▶ **Problem description**
Please, from the entries below, transcribe exactly the lines that begin at the line with "INCOME The limited" and end at the line with "Vintage 80s Embroidered", without the pictures.

▶ **Dataset content**
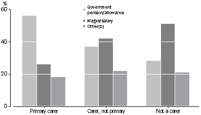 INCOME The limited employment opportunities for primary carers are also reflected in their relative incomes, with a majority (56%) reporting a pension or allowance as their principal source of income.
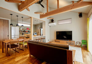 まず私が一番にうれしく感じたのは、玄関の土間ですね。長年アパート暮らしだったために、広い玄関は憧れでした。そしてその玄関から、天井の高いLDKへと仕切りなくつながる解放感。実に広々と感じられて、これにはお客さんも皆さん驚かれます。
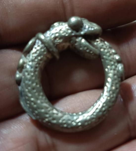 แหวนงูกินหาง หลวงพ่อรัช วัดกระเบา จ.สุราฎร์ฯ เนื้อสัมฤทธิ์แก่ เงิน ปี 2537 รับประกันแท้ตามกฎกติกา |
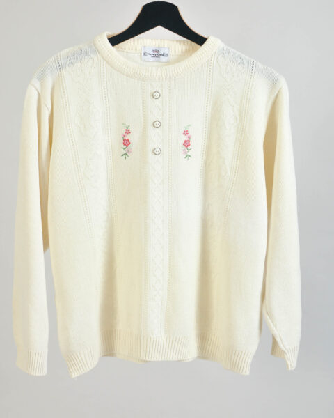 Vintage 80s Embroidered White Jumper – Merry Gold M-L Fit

==

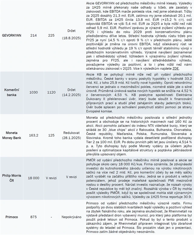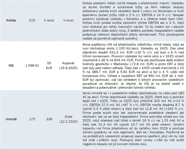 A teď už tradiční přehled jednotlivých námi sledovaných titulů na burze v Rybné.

▶ **Answer to this exercise**
 INCOME The limited employment opportunities for primary carers are also reflected in their relative incomes, with a majority (56%) reporting a pension or allowance as their principal source of income.
 まず私が一番にうれしく感じたのは、玄関の土間ですね。長年アパート暮らしだったために、広い玄関は憧れでした。そしてその玄関から、天井の高いLDKへと仕切りなくつながる解放感。実に広々と感じられて、これにはお客さんも皆さん驚かれます。
 แหวนงูกินหาง หลวงพ่อรัช วัดกระเบา จ.สุราฎร์ฯ เนื้อสัมฤทธิ์แก่ เงิน ปี 2537 รับประกันแท้ตามกฎกติกา |
 Vintage 80s Embroidered White Jumper – Merry Gold M-L Fit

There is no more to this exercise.